Sullivan does a pretty good job of recreating the famous Cocoanut Grove fire of 1942, which becomes a central incident in the narrative.  (My grandfather was a police captain in Boston back then and was on duty that night; he was worried that my mother and father (not then married) were celebrating at the nightclub, because my father had attended Holy Cross, which upset the heavily favored Boston College football team at Fenway Park that afternoon.

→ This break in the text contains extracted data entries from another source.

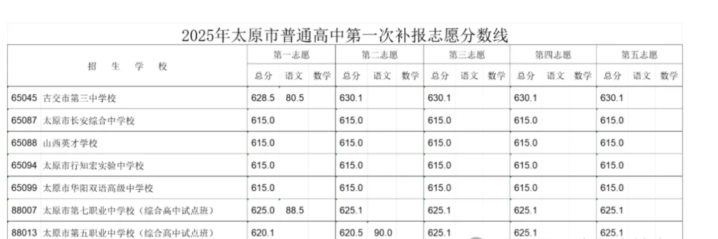太原市长安综合中学校、山西英才学校、太原市行知宏实验中学校、太原市华阳双语高级中学校、阳曲县高级职业中学校(综合高中试点班)第一志愿均为615分。太原市第五职业中学校(综合高中试点班)第一志愿620.1分。太原市第七职业中学校(综合高中试点班)第一志愿625分,语文成绩88.5分。古交市第三中学校第一志愿628.5分,语文成绩80.5分。(张晓丽)
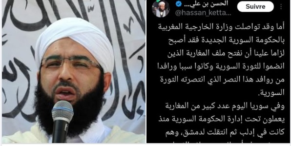 حسن الكتاني، أحد شيوخ السلفية الجهادية سابقا ورئيس ما يسمى رابطة علماء المغرب العربي التي تأسست عقب الربيع العربي ويوجد عنوانها القانوني باسطنبول، كتب في تغريدة على منصة “إكس” (تويتر سابقا) “أما وقد تواصلت وزارة الخارجية المغربية بالحكومة السورية الجديدة فقد أصبح لزاما علينا أن نفتح ملف المغاربة الذين انضموا للثورة السورية وكانوا سببا ورافدا من روافد هذا النصر الذي انتصرته الثورة السورية”.
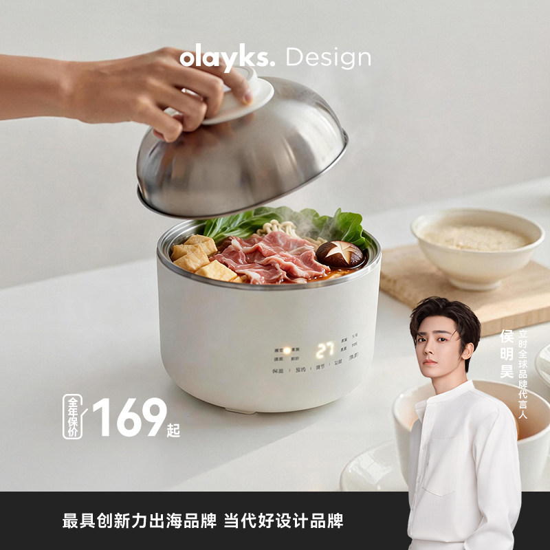 olayks立时小饭团一人食电火锅0涂层不锈钢一体式宿舍家用电煮锅
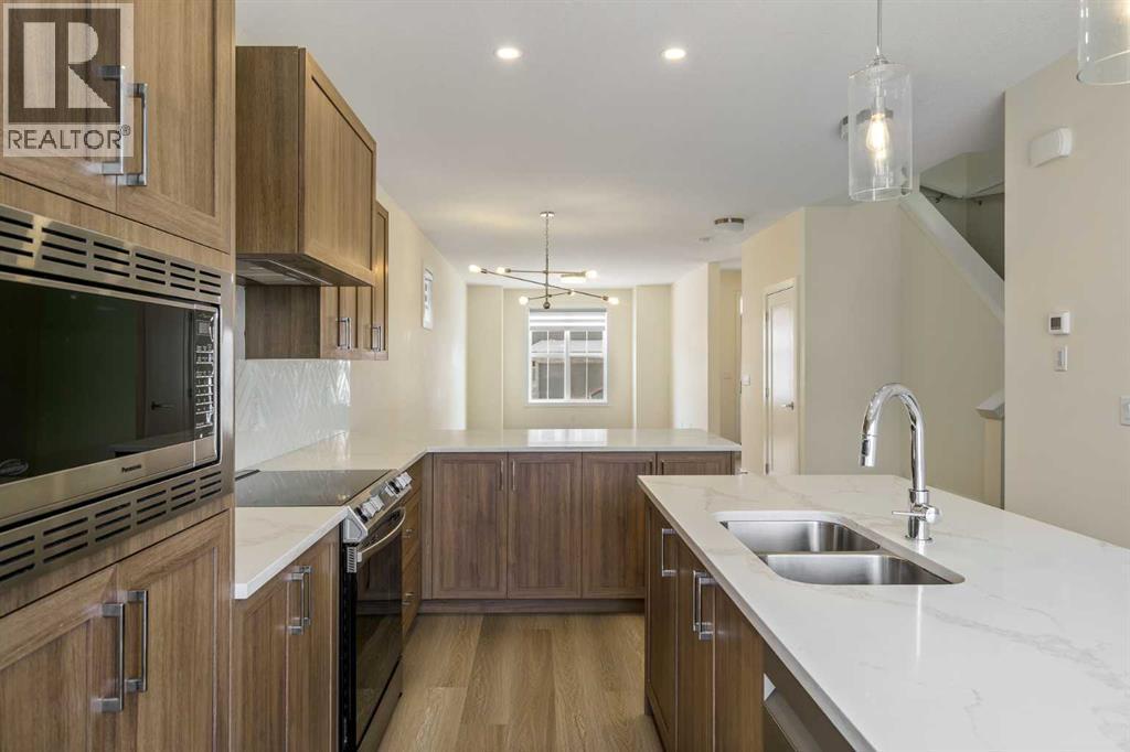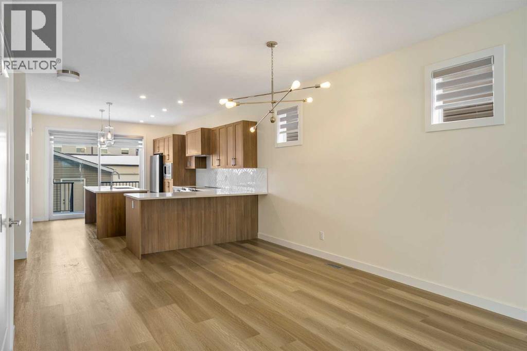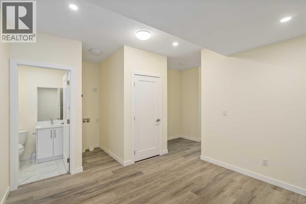 Welcome to this unique and well-maintained home in growing Airdrie, the 5th largest city in Alberta. Great potential for a growing or multi-generational family or investor. With a total of 2,570 sq. ft. of living space over three levels, which includes 5 bedrooms and 3.5 baths, this home provides room to grow. The first impression upon entering is light and bright. A transom window above the entry door, an open area living room, dining, and kitchen with blonde, wide-plank flooring, neutral colours, clean lines and windows and patio doors at opposite ends of the space spell out airy and cheerful. The combined living room/dining area is spacious and presents numerous possibilities as to furniture arrangements. Likewise, the kitchen is a study in sleekness with smooth, shaker-style cabinetry, cool, white quartz countertops, white chevron-style, tiled backsplash, stainless appliances and a breakfast bar/island with deep double, undermount sinks. A 2-pc. bath and rear hall leading to the outside deck finish this level. The carpeted upper level begins with a bonus room at the head of the stairs. Use this as a family room, play area or a home office. The laundry room is conveniently located across the hall. A substantial primary bedroom features a vaulted ceiling, walk-in closet and the privilege of a 4-pc. bath (double vanity). Two additional bedrooms, both with a good amount of closet space, share a tiled 4-pc bath. The lower level, a fully finished illegal suite can be accessed via a side entrance, has wide-plank flooring and boasts a rec room, 2 bedrooms, kitchen with stainless fridge and microwave, 4-pc. bath, utility room and storage area. Roughed-in plumbing is available for washer and dryer hookup. This level is perfect for guests or could be a secondary living area. The back yard features a railed, wooden deck for summer relaxing plus a double, detached garage accessed from the back lane. Adding to the family vibe of this home is the proximity to Airdrie’s Main St reet with shopping (Walmart Supercentre and Home Depot), restaurants, multiple schools, playgrounds, the QE 2 with just minutes to the New Horizon Mall, the City of Calgary and the International Airport. Visit today as this home will move quickly. (id:6769
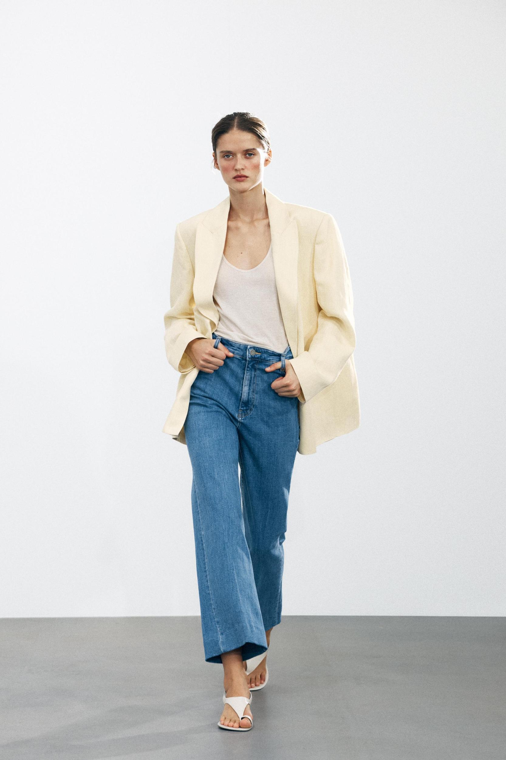 ZARA WOMAN COLLECTION High-waisted jeans with belt loops. Washed effect. Wide leg. Front zip and button closure.
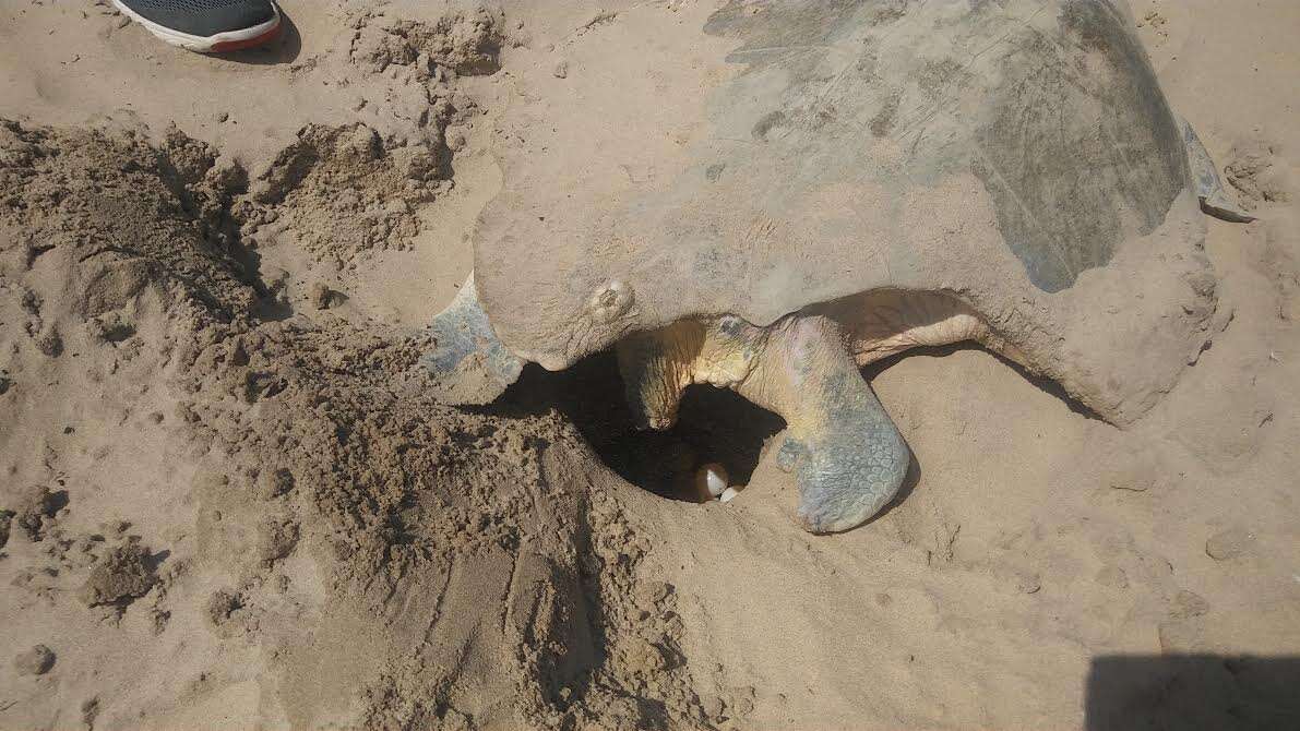 But nothing was going to stop this mama turtle from doing what she needed to do — this time, she laid 62 eggs.
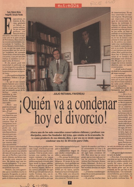 Quién va a condenar hoy el divorcio! [artículo] Roberto Merino.

The football game also figures in Sullivan’s retelling of the fire.)

On a scale of “threw the book across the room in disgust without finishing it” to “eagerly devoured the book and only wished it could be longer,” I rate Maine “had no problem finishing it, but wished it was 100 pages shorter.”  I don’t think the characters or, the plot justify the 500-page length.  Here’s the plot:

Three women (daughter, grand-daughter, and daughter-in-law) separately make their way up to Maine to visit the family matriarch at their summer home.  They argue about a couple of big issues in their lives.  Then they leave.

That’s about it.  It’s what I think of as an organic plot–it flows out of the characters rather than being imposed upon them.  I’m not complaining about that kind of plot, but I want more resolution than Maine offers.  The plot extends backward in the narrative as well as forward, which is also fairly standard.  A point-of-view character pours a cup of coffee and thinks about the past.  Another point-of-view character checks her email and thinks about the past.  Eventually we know a whole lot about these four people, how they think about each other and all the other people in their family, all of which informs the final confrontations.

This is all fine, except the final confrontations just don’t give us the payoff we’re looking for.  The problem is that nothing fundamental changes as a result of the confrontations.  The ending isn’t sappy, with all the conflicts of a lifetime somehow neatly resolved, but that doesn’t mean the ending is satisfying.  Take the Cocoanut Grove incident.  This turns out to be the motivating event in the matriarch’s life; everything that happens afterward–her marriage, her drinking, the way she treats her kids–flows from the secret she has held inside her about the fire.  She finally tells a priest the secret.  And then–nothing.  After 450 pages, I was looking for a bit of a payoff.  But she doesn’t change; nothing changes.

My guess is that the author fell in love with the outsized multi-generational Irish-American family whose story she was telling, and ultimately she couldn’t impose enough order on that story to make us care as much as she did.

But then, I’m a guy, and this is a book about women.  Maybe a couple of strong male characters would have changed my mind, but they pretty much don’t exist in Maine.  Sullivan should stretch herself and try a male point-of-view character in her next novel.  I’d give it a read!